Y	Hacker News new \| ask \| show \| jobs

by dozzie 3411 days ago

> It wasn't an "we do this at scale" talk, but I'd love to see more experiments like it.

Well, I will be conducting such thing in near future. From ELK stack, I never used Logstash in the first place and used Fluentd instead (and now I'm using a mixture of my own data forwarder and Fluentd as a hub). I'm planning mainly to replace Elasticsearch, and probably will settle with a command line client for reading, searching, and analyzing (I dislike writing web UIs).

All this because I'm tired of elastic.co. I can't upgrade my Elasticsearch 1.7.5 to the newest version, because then I would need to upgrade this small(ish) 4MB Kibana 3.x to a monstrosity that weihgs more than whole Elasticsearch engine itself for no good reason at all. And now that I'm stuck with ES 1.x, it's only somewhat stable; it can hang up for no apparent reasonat unpredictable intervals, sometimes three times per week, and sometimes working with no problem for two months. And to add an insult to an injury, processing logs with grep and awk (because I store the logs in flat files as well as in ES) is often faster than letting ES do the job. I only keep ES around because Kibana gives nice search interface and ES provides a declarative query language, which is easier to use than building awk program.

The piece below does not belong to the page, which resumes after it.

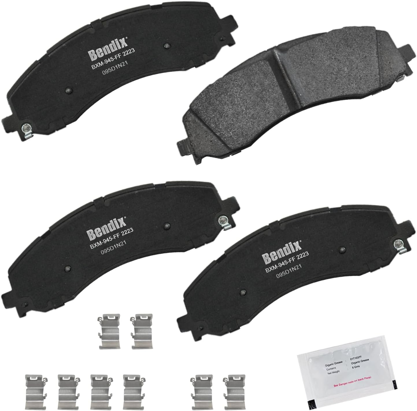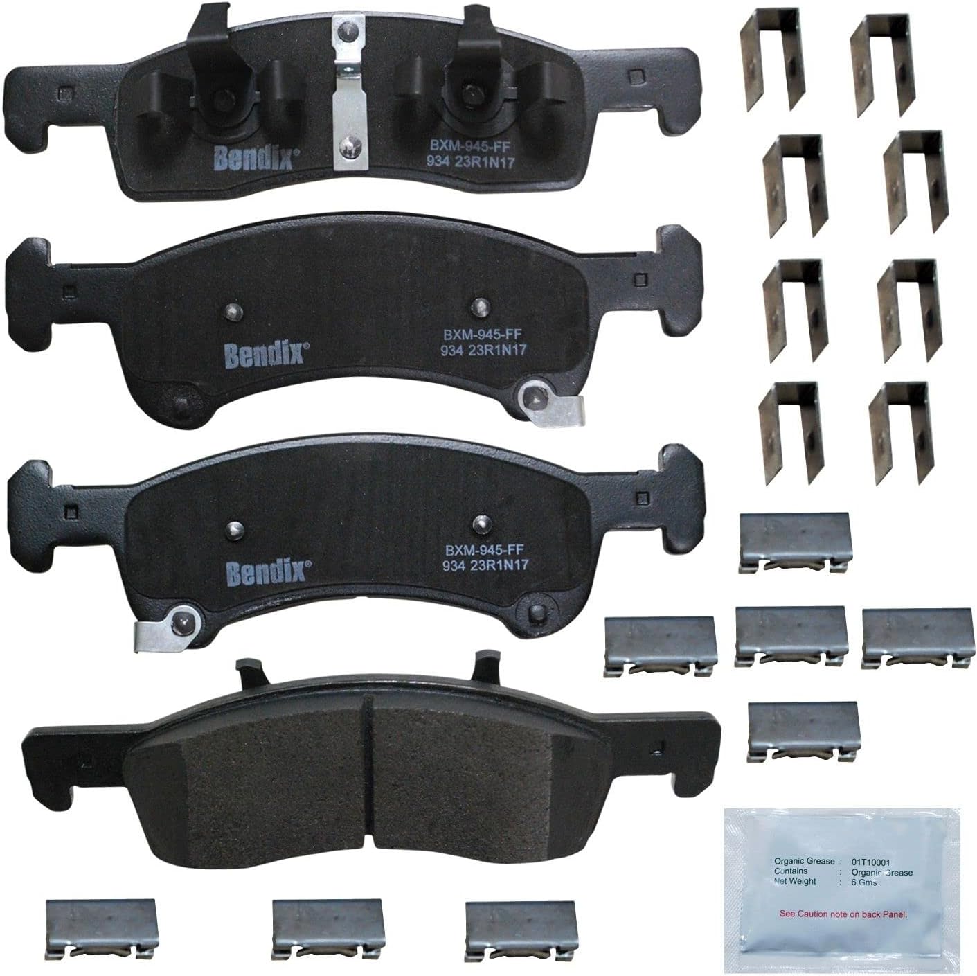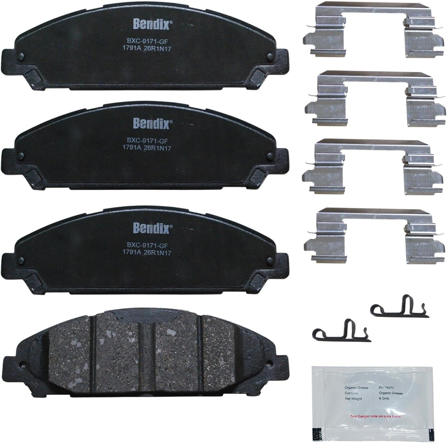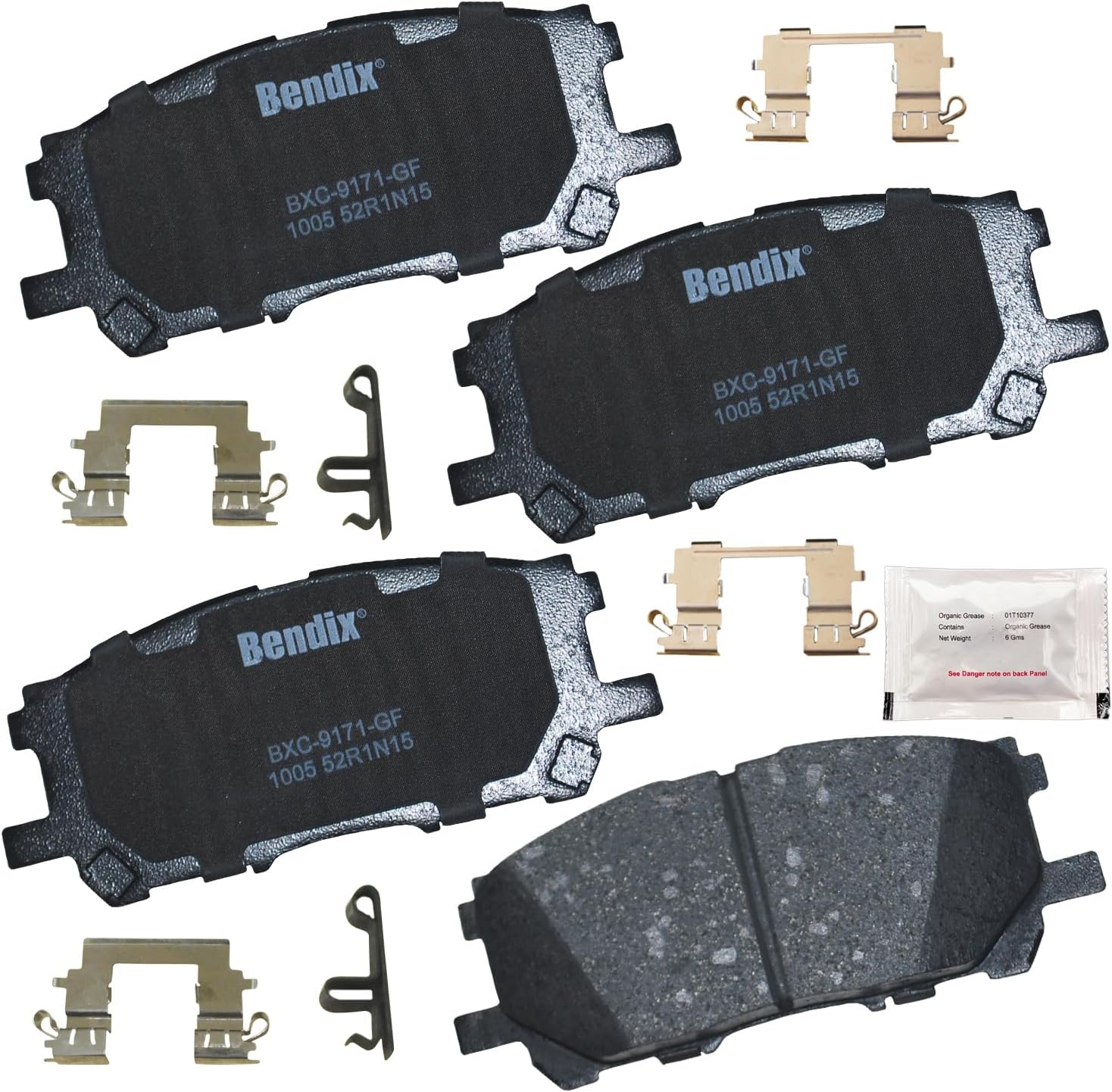 Bendix Priority 1 Ceramic Brake Pads Set with Installation Hardware. These brake pads are engineered and designed to meet all OE specifications for fit, form, and function while providing safe, consistent, and reliable stopping performance. With specific shims, slots, and chamfers, the pads provide not only a precise fit but also an ultra-quiet braking experience.

> He even goes as far as implementing a minimal logstash equivalent (i.e. log parsing) into the database itself.

As for parsing logs, I would stay away from database. Logs should be parsed earlier and available for machine processing as a stream of structured messages. I have implemented such thing using Rainer Gerhards' liblognorm and I'm very happy with the results, to the point that I derive some monitoring metrics and was collecting inventory from logs.

3 comments

awj 3411 days ago

> I can't upgrade my Elasticsearch 1.7.5 to the newest version, because then I would need to upgrade this small(ish) 4MB Kibana 3.x to a monstrosity that weihgs more than whole Elasticsearch engine

...is that really a good reason to reinvent this whole solution, though? You're basically saying you're going to spend the time to replace your entire log storage/analysis system because you object to the disk size of Kibana. (Which, without knowing your platform specifically, looks like it safely sits under 100 megs).

The rest of your complaints seem to stem from not having upgraded elasticsearch, aside from possibly hitting query scenarios that continue to be slower-than-grep after the upgrade.

Maybe I'm misunderstanding your explanation, but if I'm not this sounds like a lot of effort to save yourself tens of megs of disk space.

link

dozzie 3411 days ago

> ...is that really a good reason to reinvent this whole solution, though?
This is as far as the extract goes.